Welcome to STAT-462 lab 5.  The aim of this week is to:

 - Solidify your knowledge of regression with less handholding
 - ANOVA and confidence/prediction intervals.
 - Examining linear regression assumptions


##### General comments {-}

 - You do not have to submit things you try from the tutorials, you will just be graded on the lab 5 assignment.  
 
 - There is also a canvas discussion board for this lab which will be the fastest place to get an answer. https://psu.instructure.com/courses/2115020/discussion_topics/13706462  

##### Lab 5 Tutorials {-}

It is worth reading the Lab 5 tutorials.  [Tutorial 5A](#S.Tutorial.5A)) discusses ANOVA.   [Tutorial 5B](#S.Tutorial.5B)) goes into detail on how to check model regression assumptions.  [Tutorial 5C](#S.Tutorial.5C)) discusses confidence and prediction intervals.

## Lab 5 Setup

 - Save all your work and if you haven't already, create a Lab 5 folder in your STAT-462 folder

 - Create a new R-project called Lab 5 that is linked to your Lab 5 folder (instructions in [Tutorial 1B](#S.Tutorial.1B)). It will probably open a new version of R-Studio.

 - Create a new Markdown file called "username_Lab5" (for me it will be hlg5155_Lab5)

 - Remove the "friendly text" (see [Tutorial 1E](#S.Tutorial.1E.3) if you have no idea what I mean)

 - Follow the instructions to edit your YAML code to look like my example in [Tutorial 2B](#S.Tutorial.2B.1).  Choose any theme that you like.

 - Leave a blank line under your YAML code, then create a level-1 Heading called "Markdown". Save and make sure that it will preview/knit.

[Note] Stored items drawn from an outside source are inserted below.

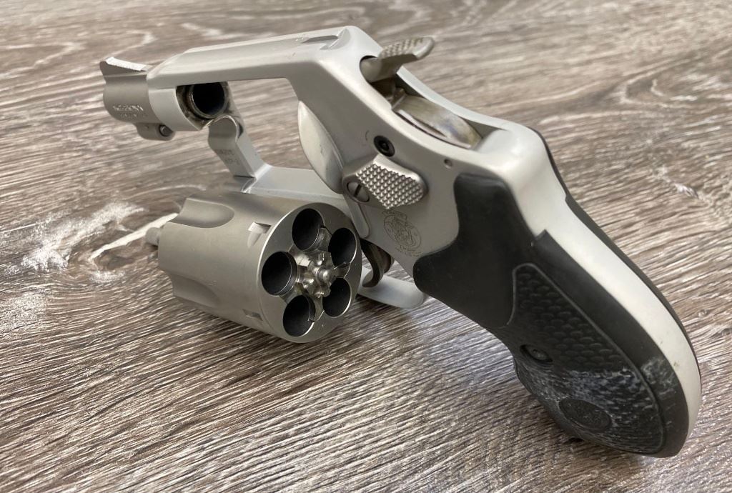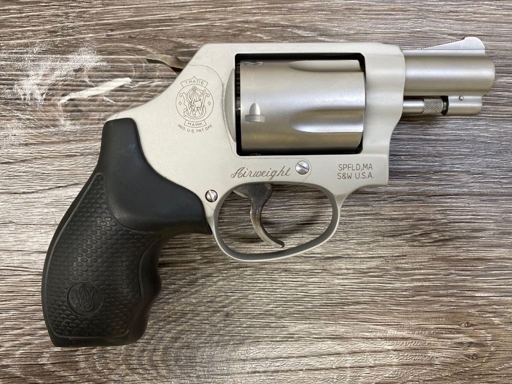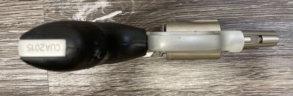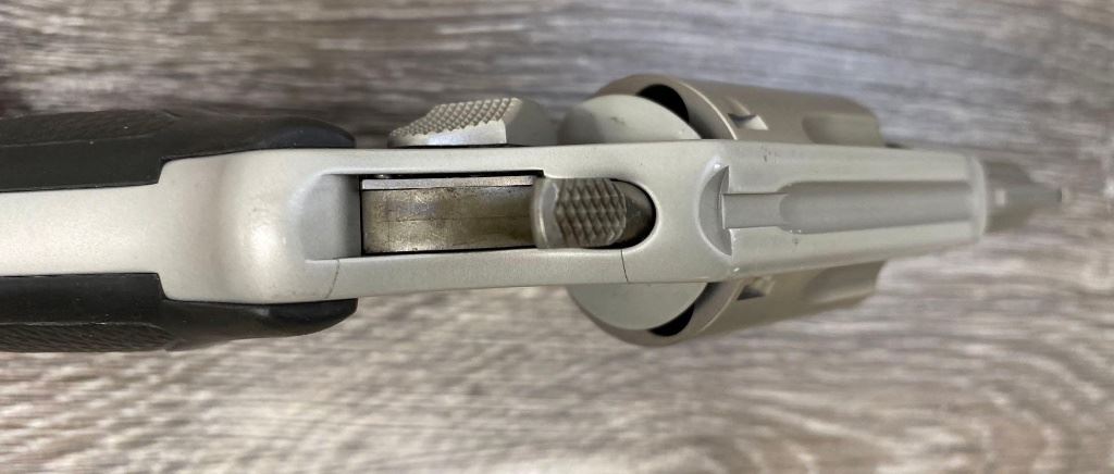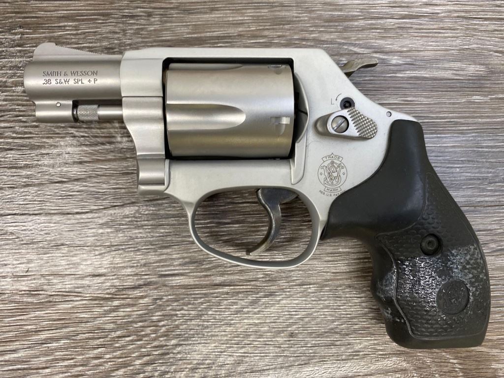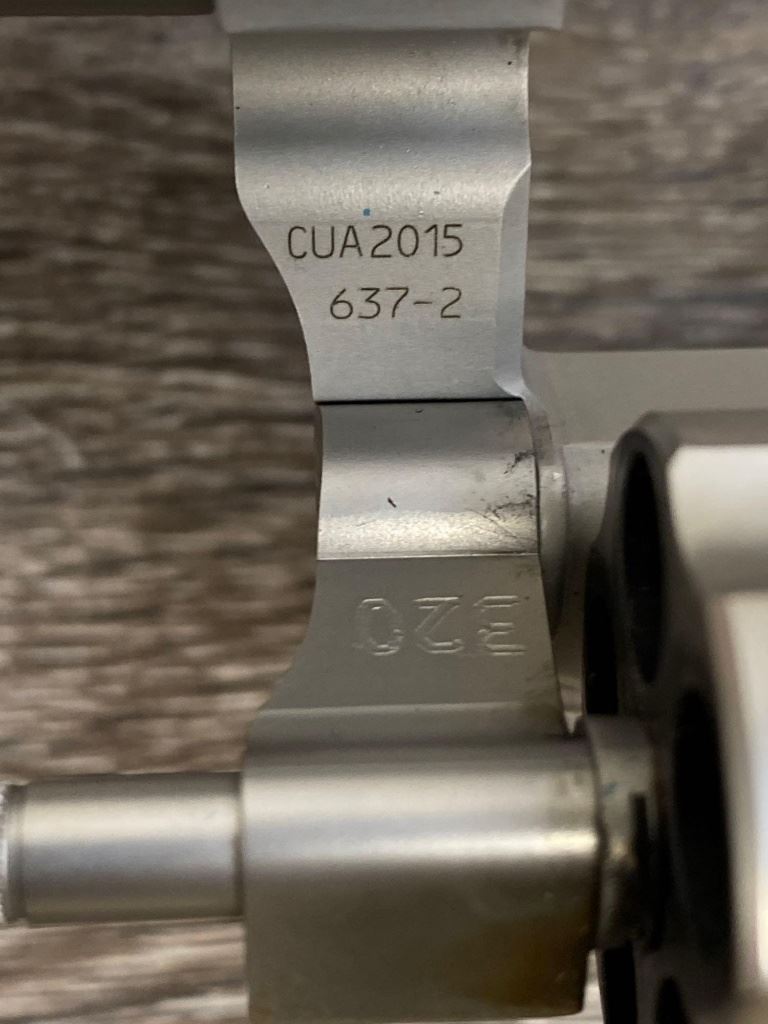 Two-tone finish with matte aluminum alloy frame, stainless steel barrel and 5-shot cylinder, black rubber checkered grips. Revolver is in as-new condition showing unmarked factory finishes, sharp lettering, case colors to hammer and trigger, grips with sharp S&W logos. Action is crisp, lockup is tight, bright bore shows sharp rifling.(Modern/PPT)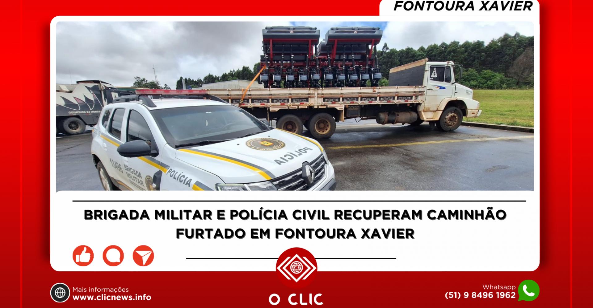 BRIGADA MILITAR E POLÍCIA CIVIL RECUPERAM CAMINHÃO FURTADO EM FONTOURA XAVIER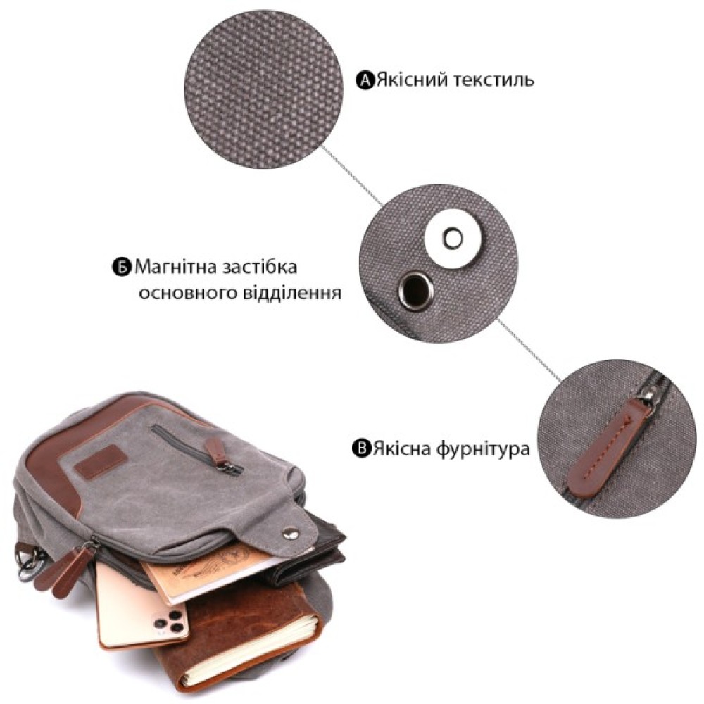 Невелика, але містка сумка крос-боді для активних чоловіків у стильному дизайні. Виконана дана модель із міцного та надійного у використанні текстилю. Усередині є багатофункціональні кишені та просторі відділення. Для зручності передбачена можливість перенавішування ременя на ліву або праву сторону, згідно з Вашими уподобаннями.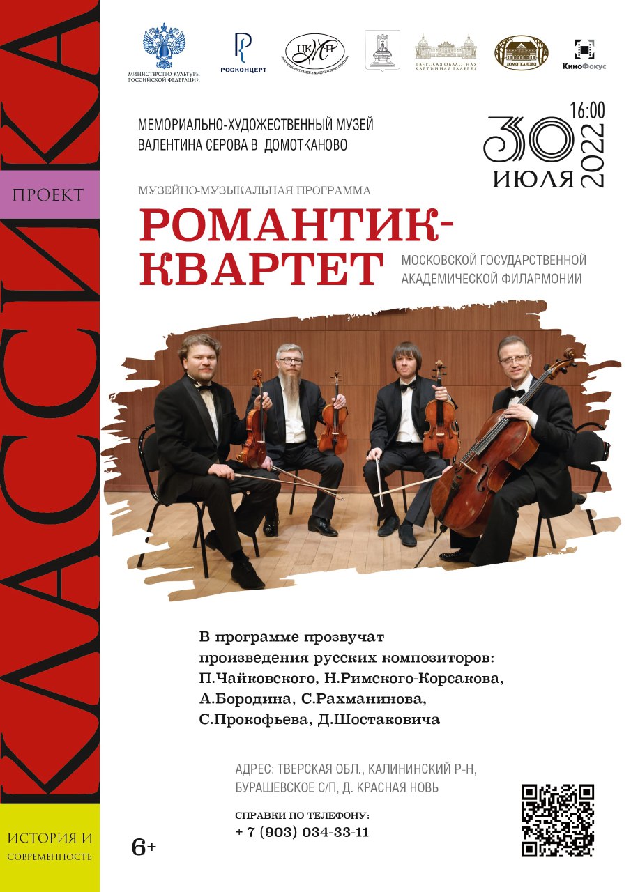 Это известный камерный коллектив России, выступающий в лучших традициях русского квартетного искусства. В живописном усадебном парке для гостей в исполнении музыкантов прозвучат произведения великих русских композиторов: П. Чайковского, Н. Римского-Корсакова, А. Бородина, С. Рахманинова, С. Прокофьева, Д. Шостаковича.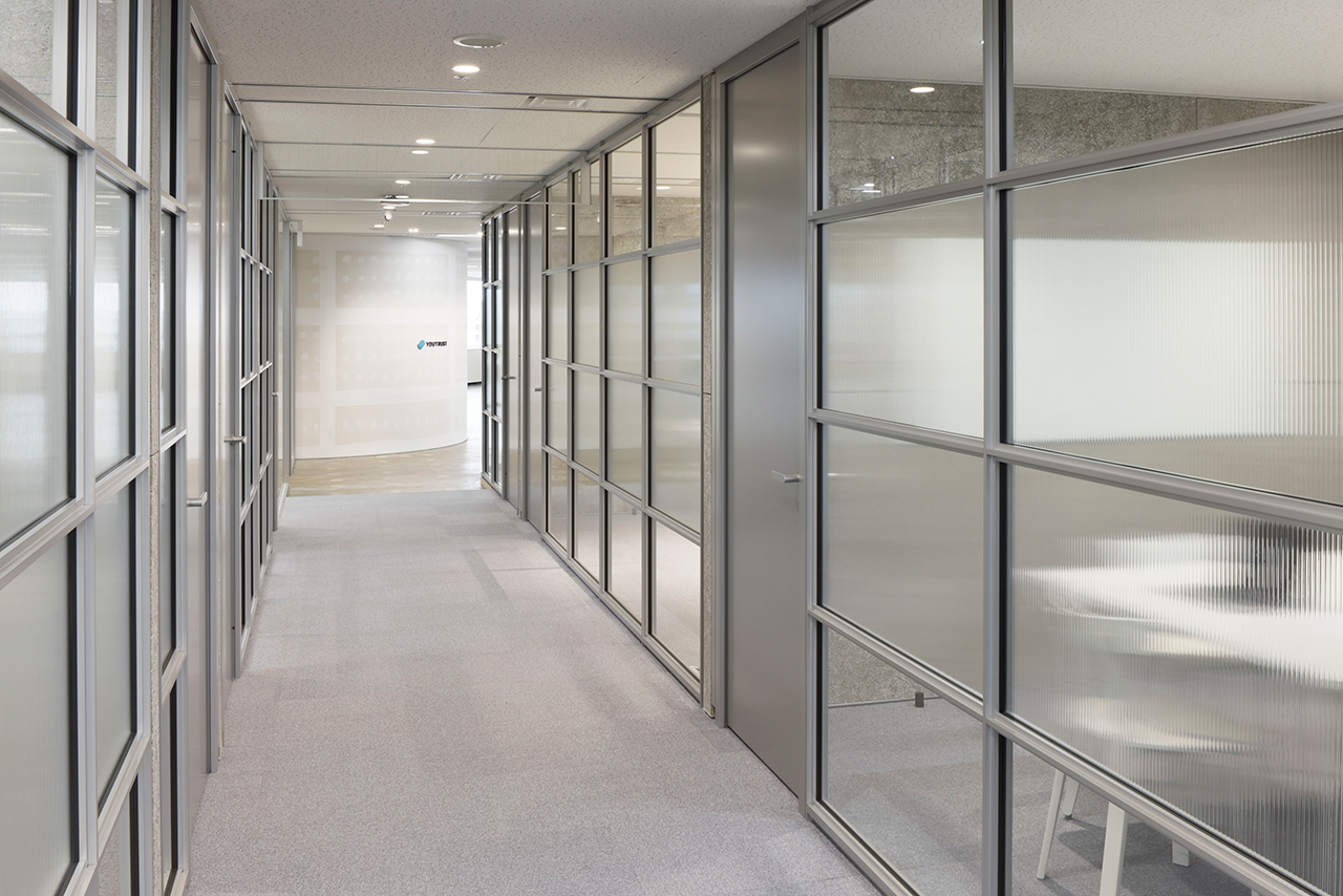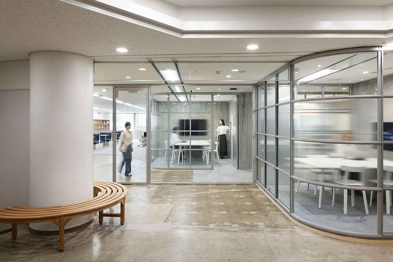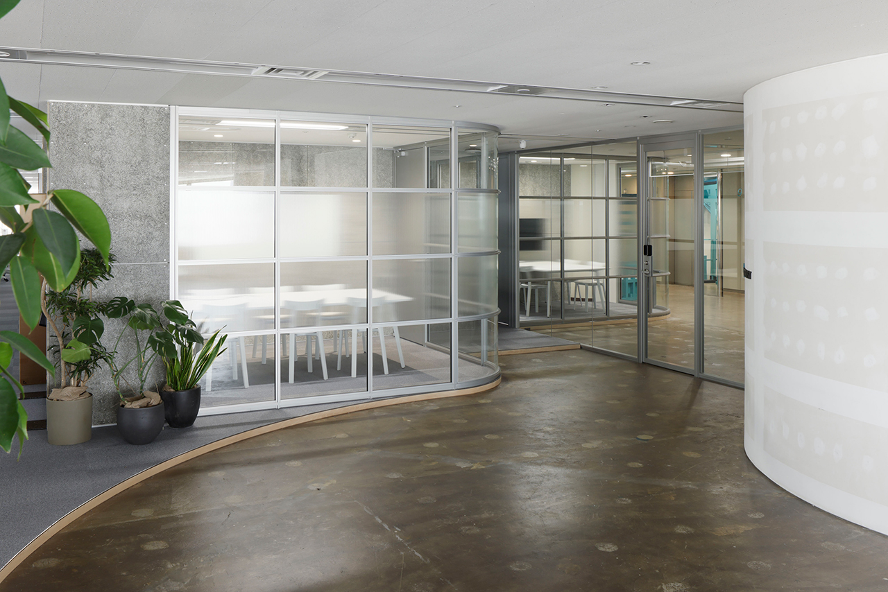 ミーティングスペースは閉じすぎず、リブガラスによる仕切りで“開かれた個室”とし、可視性とプライバシーのバランスでユートラストらしさを表現。エントランスは角を取り、来訪者をやわらかに迎え入れる動線とした。

 - Make a new code chunk.  Inside here, you can add all the libraries you need (if you do not have them, you can install them using the tutorial from last week). Start by entering these, but if you need any more packages you can add them here and rerun the code chunk. Run the code chunk a few times to make sure they load with no errors.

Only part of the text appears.